Pope Francis appeared in Alberta to present a historic apology to Native peoples in Canada for the system of residential schools, which was a program created by the Catholic Church and the Canadian government to assimilate indigenous communities.

Speaking at the site of a former residential school, Francis called the schools a “disastrous error” of the church and promised that further investigation would occur. “I humbly beg forgiveness for the evil committed by so many Christians against the Indigenous peoples,” Francis said.

Canadian officials separated indigenous children from their families and forced as many as 150,000 of these children to attend these schools against their will from the 19th century to as recent as the 70s. The schools were known as hotbeds for sexual abuse of students.

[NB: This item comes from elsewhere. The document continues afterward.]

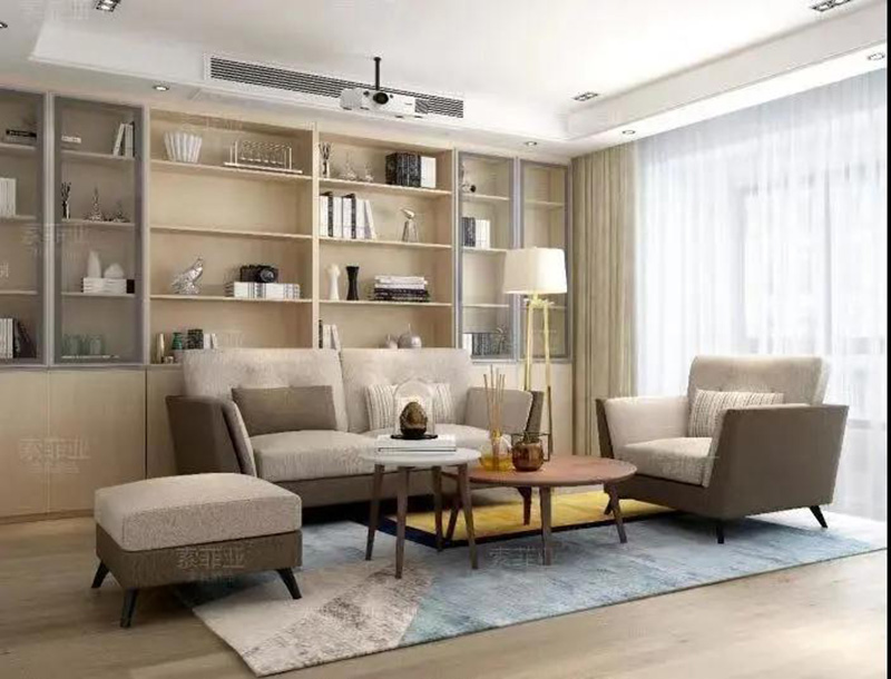 我們總是希望家里的收納空間越多越好,所以設置一個收納沙發墻就很實用,而且還能分擔客廳電視櫃的收納壓力。

Potential burial sites were also discovered at some of these schools as well as counterpart programs in the United States. Francis said he has continued to feel a “sense of sorrow, indignation and shame” since his first meeting with one of the Native delegations. He shared that they gave him a set of moccasins meant to symbolize children who died in those schools and asked that Francis return them when he came back to Canadian soil,

This was the Pope’s first visit on a six-day “penitential pilgrimage” that he is taking which includes stops in Quebec City and northern cities like Iqaluit, Nunavut. Emotions were extremely high and raw at the event, as there were people who were descended from former students and living former students themselves present.